Thank you for reporting this.

And your surmisal was correct.  There is a real bug, as hopefully 
explained by this commit message, now in blead:

 From 88c2ae302de11db0b66ff2269e2c4e9bf46efd69 Mon Sep 17 00:00:00 2001
From: Karl Williamson <khw@cpan.org>
Date: Thu, 10 Jan 2019 20:59:31 -0700
Subject: [PATCH 2/2] PATCH: [perl #133756] Failure to match properly

This was caused by a counting error.

An EXACTFish regnode has a finite length it can hold for the string
being matched.  If that length is exceeded, a 2nd node is used for the
next segment of the string, for as many regnodes as are needed.

A problem occurs if a regnode ends with one of the 22 characters in
Unicode 11 that occur in non-final positions of a multi-character fold.
The design of the pattern matching engine doesn't allow matches across
regnodes.  Consider, for example if a node ended in the letter 'f' and
the next node begins with the letter 'i'.  That sequence should match,
under /i, the ligature "fi" (U+FB01).  But it wouldn't because the
pattern splits them across nodes.  The solution I adopted was to forbid
a node to end with one of those 22 characters if there is another string
node that follows it.  This is not fool proof, for example, if the
entire node consisted of only these characters, one would have to split
it at some position (In that case, we just take as much of the string as
will fit.) But for real life applications, it is good enough.
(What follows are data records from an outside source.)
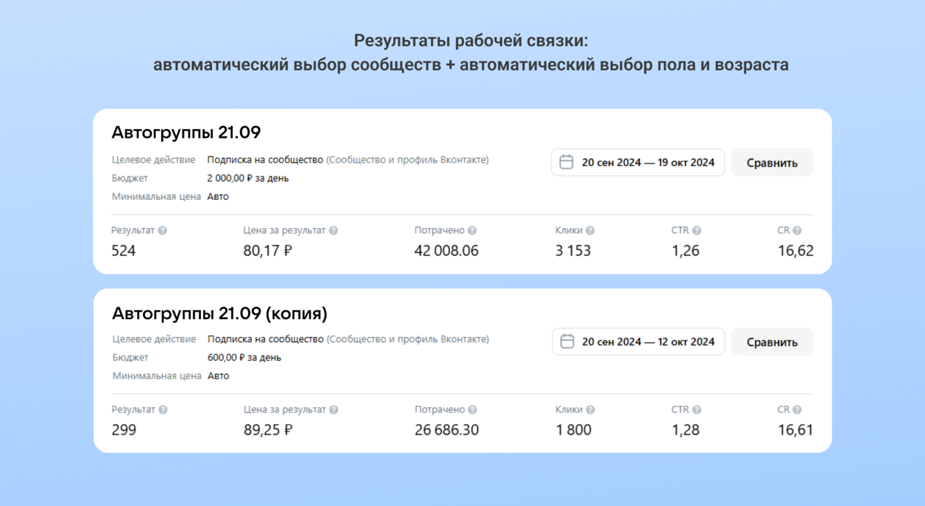 В нашем кейсе около десяти месяцев работали автоматические настройки: для подбора сообществ и демографии, а также для расширения аудитории. Как они поведут себя в вашей сфере — покажут только тесты.
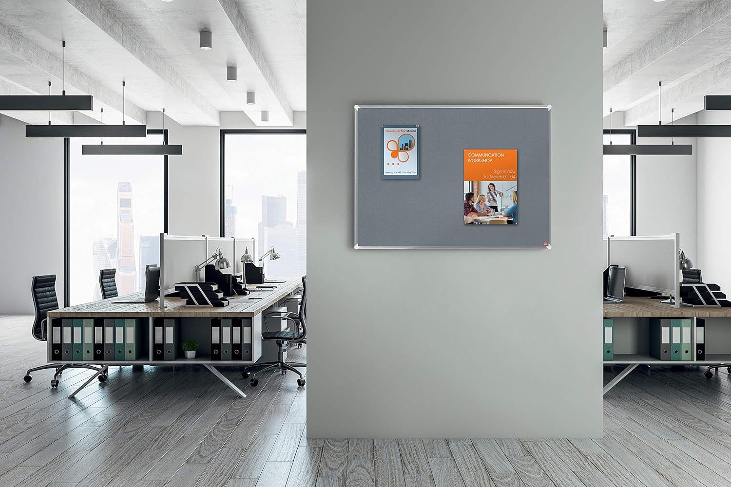 Excellent felt surface notice board to pin and display notices, Ideal for the office, home and school environment - The felt notice board surface is ideal for displaying printed notices or memos and the modern, stylish aluminium trim gives a premium look for the organisation of documents and notes - Easy to install and fixed by a traditional through corner wall mounting making it a Ideal fit for any room or home office environment - Mix and match with noticeboard accessories from the Nobo Range, 5 years guarantee - Contents: 1 x Nobo Premium Plus Felt Notice Board, Dimensions (H x W): 900 x 600 mm, Weight: 1.61 kg, Grey, 1915195
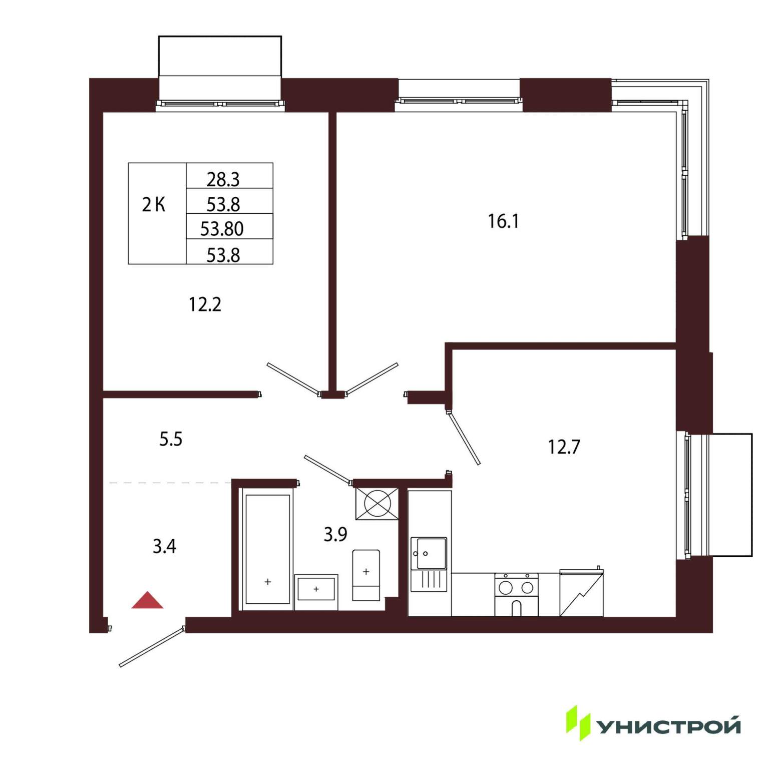 Продается 2-комн. квартира, площадью 53.8 м2. Жилая площадь 28.3 м2, кухня 12.7 м2. Площадь комнат: 12.20/16.10 м2. Раздельных санузлов - 1. Квартира располагается на 2 этаже 5-этажного дома в...
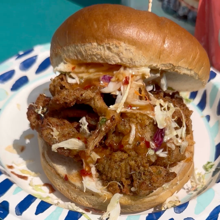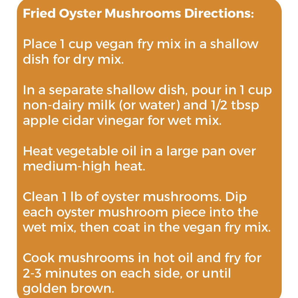 - Dip each oyster mushroom piece into the wet mix, then coat in the vegan fry mix.

What happens if a node ends with one of the 22, is that the node is
shortened so that those are instead placed at the beginning of the
following node.  When the code encounters this situation, it backs off
until it finds a character that isn't a non-final fold one, and closes
the node with that one.

A /i node is filled with the fold of the input, for several reasons.
The most obvious is that it saves time, you can skip folding the pattern
at runtime.  But there are reasons based on the design of the optimzer
as well, which I won't go into here, but are documented in regcomp.c.
When we back out the final characters in a node, we also have to back
out the corresponding unfolded characters in the input, so that those
can be (folded) into the following node.  Since the number of characters
in the fold may not be the same as unfolded, there is not an easily
discernable correspondence between the input and the folded output.
That means that generally, what has to be done is that the input is
reparsed from the beginning of the node, but the permitted length has
been shortened (we know precisely how much to shorten it to) so that it
will end with something other than the 22.  But, the code saves the
previous input character's position (for other reasons), so if we only
have to backup one character, we can just use that and not have to
reparse.

This bug was that the code thought a two character backup was really a
one character one, and did not reparse the node, creating an off-by-one
error, and a character was simply omitted in the pattern (that should
have started the following node).  And the input had two of the 22
characters adjacent to each other in just the right positions that the
node was split.  The bisect showed that when the node size was changed
the bug went away, at least for this particular input string.  But a
different, longer, string would have triggered the bug, and this commit
fixes that.

This bug is actually very unlikely to occur in most real world
applications.  That is because other changes in the regex compiler have
caused nodes to be split so that things that don't particpate in folds
at all are separated out into EXACT nodes.  (The reason for that is it
allows the optimizer things to grab on to under /i that it wouldn't
otherwise have known about.)  That means that anything like this string
would never cause the bug to happen because blanks and commas, etc.
would be in separate nodes, and so no node would ever get large enough
to fill the 238 available byte slots in a node (235 on EBCDIC).  Only a
long string without punctuation would trigger it.  I have artificially
constructed such a string in the tests added by this commit.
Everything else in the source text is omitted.